A survey of two hospitals by the Red Cross said at least 50 people were injured in Friday’s attack, he added.In a statement issued late on Friday, federal police spokesman Olusola Amore said attackers targeted five police buildings, two immigration offices and the local headquarters of the State Security Service, Nigeria’s secret police.
"The police have commenced investigation and therefore use this medium to call for calm among the residents of Kano as police are doing their best to bring the situation under control," Amore said.
Police are "appealing to members of the public to come forward with information on the identity and location of these hoodlums. Information given will be treated with utmost confidentiality."
A massive blast caused when a suicide bomber who drove a car full of explosives into a regional police headquarters shook cars miles away. Inmates at the regional police headquarters fled amid gunfire, witnesses said.
State authorities declared a 24-hour curfew late on Friday as residents hid inside their homes amid the fighting.

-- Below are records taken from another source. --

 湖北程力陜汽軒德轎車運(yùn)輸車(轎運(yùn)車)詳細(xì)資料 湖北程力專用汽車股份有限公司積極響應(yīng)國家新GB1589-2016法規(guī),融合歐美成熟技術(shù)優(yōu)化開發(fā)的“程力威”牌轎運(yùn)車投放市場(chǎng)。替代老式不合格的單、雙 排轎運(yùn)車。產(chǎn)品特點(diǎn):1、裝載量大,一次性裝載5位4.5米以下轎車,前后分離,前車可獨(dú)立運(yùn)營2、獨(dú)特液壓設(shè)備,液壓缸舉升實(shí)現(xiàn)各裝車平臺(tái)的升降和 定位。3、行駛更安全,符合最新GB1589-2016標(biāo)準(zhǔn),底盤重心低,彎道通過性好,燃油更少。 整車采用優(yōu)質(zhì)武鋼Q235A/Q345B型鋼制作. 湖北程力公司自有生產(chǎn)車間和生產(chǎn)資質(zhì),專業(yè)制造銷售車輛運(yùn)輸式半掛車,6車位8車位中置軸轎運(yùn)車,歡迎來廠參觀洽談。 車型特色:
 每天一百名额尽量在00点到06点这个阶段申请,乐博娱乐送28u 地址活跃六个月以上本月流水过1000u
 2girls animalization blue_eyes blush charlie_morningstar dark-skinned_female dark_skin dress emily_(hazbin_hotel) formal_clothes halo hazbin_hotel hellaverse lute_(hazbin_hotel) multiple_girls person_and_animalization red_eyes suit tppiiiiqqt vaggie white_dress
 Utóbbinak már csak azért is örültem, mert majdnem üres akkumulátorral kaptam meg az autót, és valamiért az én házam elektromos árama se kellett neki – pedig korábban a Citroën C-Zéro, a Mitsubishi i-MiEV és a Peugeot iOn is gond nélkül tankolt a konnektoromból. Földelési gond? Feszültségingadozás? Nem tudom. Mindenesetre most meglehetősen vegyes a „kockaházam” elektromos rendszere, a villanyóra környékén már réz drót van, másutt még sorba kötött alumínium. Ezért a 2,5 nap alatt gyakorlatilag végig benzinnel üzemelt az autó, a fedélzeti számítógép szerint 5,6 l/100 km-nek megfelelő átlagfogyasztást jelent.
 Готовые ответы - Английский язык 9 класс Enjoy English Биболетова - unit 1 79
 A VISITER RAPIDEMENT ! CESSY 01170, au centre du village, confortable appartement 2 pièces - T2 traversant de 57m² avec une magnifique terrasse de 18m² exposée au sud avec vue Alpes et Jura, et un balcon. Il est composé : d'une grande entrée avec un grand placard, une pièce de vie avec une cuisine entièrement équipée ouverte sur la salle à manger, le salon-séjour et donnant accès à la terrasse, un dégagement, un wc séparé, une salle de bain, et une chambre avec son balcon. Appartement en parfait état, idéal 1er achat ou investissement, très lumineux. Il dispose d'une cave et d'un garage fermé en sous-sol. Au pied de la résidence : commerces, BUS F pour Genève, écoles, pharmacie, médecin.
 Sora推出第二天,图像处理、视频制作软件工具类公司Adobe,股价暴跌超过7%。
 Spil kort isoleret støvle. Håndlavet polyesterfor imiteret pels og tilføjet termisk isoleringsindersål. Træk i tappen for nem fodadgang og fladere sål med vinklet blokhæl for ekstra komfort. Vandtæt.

A Boko Haram spokesman, using the nom de guerre Abul-Qaqa, claimed responsibility for the attacks, which he said were retaliation at the state government refusing to release members of the Islamist terrorist group.
Boko Haram, which seeks to implement strict Sharia law across Nigeria, is responsible for at least 510 killings last year, according to the Associated Press. The group has been blamed for at least 76 killings this year, the news agency added.
The targets of Boko Haram, whose name means "estern education is sacrilege" in the local Hausa language, have included both Muslims and Christians. Bit the militants have promised to kill any Christians living in Nigeria’s predominantly Muslim north.
The group previously claimed responsibility for a suicide car bombing in August that targeted the UN headquarters in the capital, Abuja, killing 25 people and wounding more than 100. The sect killed at least 42 people during a series of attacks on Christmas Day, which included the bombing of a Catholic church outside Abuja.